Another form of anamorphic art is often called "Slant Art". Examples are the sidewalk chalk paintings of Kurt Wenner and Julian Beever where the chalk painting, the pavement and the architectural surroundings all become part of an illusion. Art of this style can be produced by taking a photograph of an object or setting at a sharp angle, then putting a grid over the photograph, another, elongated grid on the footpath based on a specific perspective, and reproducing exactly the contents of one into the other, one square at a time.
In November, 2011, an article published on the website of the Smithsonian magazine questioned if an anamorphic garden work by French artist François Abélenet featured in front of Paris' city hall, the Hôtel de Ville entitled, "Qui croire?" [Eng: "Who to believe?"] was the, "World’s Greatest New Artwork?" citing an online video of it.
The system of anamorphic projection can be seen quite commonly on text written at a very flat angle on roadways, such as "Bus Lane" or "Children Crossing", which is easily read by drivers who otherwise would have difficulty reading as the vehicle approaches the text; when the vehicle is nearly above the text, its true abnormally elongated shape can be seen. Similarly, in many sporting stadiums, especially in Rugby football in Australia, it is used to promote company brands which are painted onto the playing surface; from the television camera angle, the writing appear as signs standing vertically within the field of play.
On some 0.5 liter Sprite bottles in Europe, an extra "bar code" was present. When the bottle is tilted towards the mouth while drinking, the bar code resolves into writing due to the anamorphic effect.
Much writing on shop windows is in origin anamorphic, as it was written mirror-reversed on the inside of the window glass.
István Orosz: Mirror Anamorphosis with Column
István Orosz: Mirror Anamorphosis with Column (Technique of the distortion)
Anamorphic writing on helmets. The helmet's visor goes up between layers of the helmet shell. On the resulting very sloping helmet forehead, the writing is anamorphic, so an onlooker sees it horizontally, undistorted.
In the twentieth century, artists began to play with perspective by drawing impossible objects. These objects included stairs that always go up or cubes where the back meets the front. Such works were popularized by artist M. C. Escher and mathematician Roger Penrose. Although referred to as impossible objects, such objects as the Necker Cube and the Penrose triangle can be built using anamorphosis. When viewed at a certain angle, such sculptures appear as the so-called impossible objects.

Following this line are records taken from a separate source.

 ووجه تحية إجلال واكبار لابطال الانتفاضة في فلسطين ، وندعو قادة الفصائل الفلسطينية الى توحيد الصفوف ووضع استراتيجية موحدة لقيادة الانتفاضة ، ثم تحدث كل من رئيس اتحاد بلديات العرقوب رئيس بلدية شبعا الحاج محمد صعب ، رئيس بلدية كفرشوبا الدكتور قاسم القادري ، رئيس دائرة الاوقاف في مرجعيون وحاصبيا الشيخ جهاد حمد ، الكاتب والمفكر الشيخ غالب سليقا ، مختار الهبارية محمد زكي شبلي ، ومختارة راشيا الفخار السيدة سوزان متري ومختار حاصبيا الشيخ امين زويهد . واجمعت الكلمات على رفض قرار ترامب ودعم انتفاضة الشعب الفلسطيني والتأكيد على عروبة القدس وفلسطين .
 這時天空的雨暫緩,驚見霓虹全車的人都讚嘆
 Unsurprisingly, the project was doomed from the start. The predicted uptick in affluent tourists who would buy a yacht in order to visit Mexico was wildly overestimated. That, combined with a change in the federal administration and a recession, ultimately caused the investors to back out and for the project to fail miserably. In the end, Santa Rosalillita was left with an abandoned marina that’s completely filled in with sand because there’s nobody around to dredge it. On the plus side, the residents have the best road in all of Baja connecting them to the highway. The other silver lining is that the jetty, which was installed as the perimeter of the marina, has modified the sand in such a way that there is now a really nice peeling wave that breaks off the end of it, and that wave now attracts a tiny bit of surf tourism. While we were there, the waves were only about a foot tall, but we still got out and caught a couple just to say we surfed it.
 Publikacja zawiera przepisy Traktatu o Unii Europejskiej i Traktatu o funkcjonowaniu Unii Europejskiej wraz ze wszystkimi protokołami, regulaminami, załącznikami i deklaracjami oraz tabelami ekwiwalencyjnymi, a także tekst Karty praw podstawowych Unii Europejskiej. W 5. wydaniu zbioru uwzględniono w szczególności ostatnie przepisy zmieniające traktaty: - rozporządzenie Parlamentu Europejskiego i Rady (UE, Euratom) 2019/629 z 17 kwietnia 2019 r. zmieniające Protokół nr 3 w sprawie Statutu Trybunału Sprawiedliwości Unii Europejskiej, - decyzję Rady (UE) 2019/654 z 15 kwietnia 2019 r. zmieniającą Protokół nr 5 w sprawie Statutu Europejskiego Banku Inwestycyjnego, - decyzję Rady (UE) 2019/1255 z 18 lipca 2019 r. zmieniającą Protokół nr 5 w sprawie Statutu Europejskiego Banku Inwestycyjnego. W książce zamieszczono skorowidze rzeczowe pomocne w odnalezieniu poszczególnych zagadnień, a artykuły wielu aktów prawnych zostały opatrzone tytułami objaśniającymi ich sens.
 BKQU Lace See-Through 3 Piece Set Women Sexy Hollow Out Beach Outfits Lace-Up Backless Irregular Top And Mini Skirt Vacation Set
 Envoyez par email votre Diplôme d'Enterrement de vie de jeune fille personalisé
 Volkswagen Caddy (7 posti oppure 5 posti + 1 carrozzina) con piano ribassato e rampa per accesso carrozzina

Since 1993, Myrna Hoffman’s company, OOZ & OZ, has been producing mirror anamorphosis art kits and activities for children. The image below is from Hoffman's "Morph-O-Scopes" Kit. Hoffman's kits have earned more than two dozen national toy awards.
Rick Wakeman's 1976 album No Earthly Connection features front and back cover photographs that are mirror anamorphoses. The original vinyl release included a mirrored Mylar sheet which could be curled into a cylinder for viewing the images.